27 and 29 Wellington Road and 8-16 (even) Nelson Street
- WRENN ID
- heavy-eave-solstice
- Grade
- II
- Local Planning Authority
- Kirklees
- Country
- England
- Date first listed
- 30 March 2023
- Type
- Warehouse
- Source
- Historic England listing
Description
A textile wool warehouse with offices and shops dating to 1868, possibly designed by RT Johnson, later converted to apartments in the late 20th century.
The building stands in the Dewsbury Town Centre Conservation Area, constructed of buff sandstone with a slate roof.
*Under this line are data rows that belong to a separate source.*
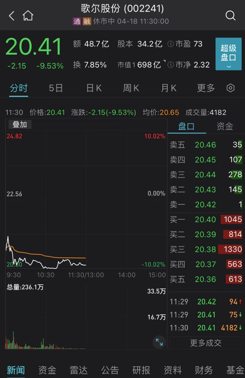 今天上午,歌尔股份下跌9.53%,盘中触及跌停。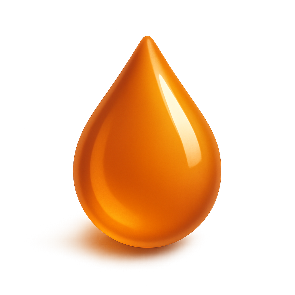 A sleek, 3D amber droplet icon rendered in a three-quarter view, showcasing a glossy surface and a transparent background, enhancing its volumetric appearance.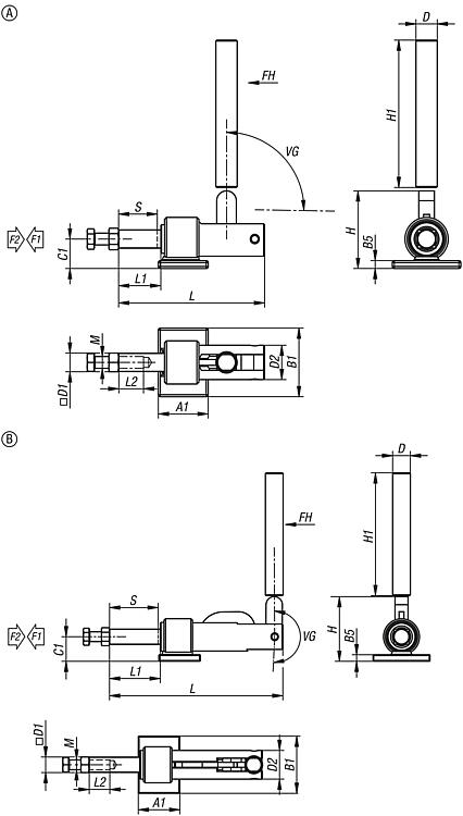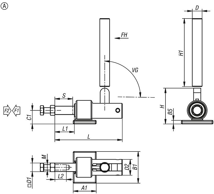| Order No. | Form | A1 | B1 | B5 | C1 | D | D1 | D2 | H | H1 | Travel S | L=Length | L1 | L2 | M | Opening angle of handle | Hand force FH N | Clamping force F1 N | Retaining force F2 N | CAD | Acc. | Price | Order |

It is L-shaped in plan, facing south and west, abutted on the east by 2-6 (even) Nelson Street and 1 and 1a Wellington Street.
The building displays three storeys with a basement on the Wellington Road frontage and four storeys on the Nelson Street frontage, executed in a free Venetian Gothic style.
On Wellington Road, the six-bay frontage features a pinnacled, gableted pilaster-buttress to the left, and at the right the upper floor has a similar gableted turret supported by a twisted colonnette. The ground floor is constructed of ashlar while the upper floors are rock-faced. The eaves are finished with moulded stone corbels in the manner of a Lombardy frieze. Each upper floor has continuous sill and lintel bands with paired windows featuring moulded mullions. The second-floor windows are lancets, while the first-floor windows have shouldered heads beneath low two-centred arches with incised decoration in the tympana. The ground floor is arcaded with shouldered-head openings beneath similar arches, each containing a small patera-vent in the tympanum, with complex incised decoration between the openings. Bays 3, 5 and 6 (from the left) contain doors, those in bay 5 being original Gothic-panelled examples. The other bays have blocked basement windows and ground-floor casements. The upper floors retain original vertical-sliding sashes with horns to most openings.
The three-bay curved corner frontage to the south displays similar detailing and is flanked on the right by a matching turret with colonnette. In the centre is a false gable with a shaped false chimneystack, below which sits a roundel containing blind plate-tracery with a stopped hoodmould. The date 1868 is incised above the central window. The windows are altered but the surrounds remain original, with that on the left occupying a former doorway.
To the right, on Nelson Street, are a further three bays with the same detailing, flanked on the right by a similar pilaster-buttress to that on Wellington Road.
Beyond this lies a symmetrical four-storey, six-bay frontage flanked by matching pilaster-buttresses. The detailing is similar but subtly different. Bays 1, 3, 4 and 6 have ground-floor shopfronts with replacement windows and fascias but original glazed doors with Gothic-edged panels. Above each shop are stacked three-light windows: arcaded on the top floor, Venetian with shouldered heads on the second floor, and lancets beneath a low two-centred arch on the first floor. Bays 2 and 5 have ground-floor entrances with replacement doors and stacked single-light stair windows above. Various tympana contain incised decoration.
The Back Nelson Street facades are plain with stone sills and lintels to openings. A vertical joint with a change in coursing and a slight outward step marks where the building is abutted by the adjacent building to the east.
Internally, the building retains original staircases and balustrades, together with some cornicing and architraves.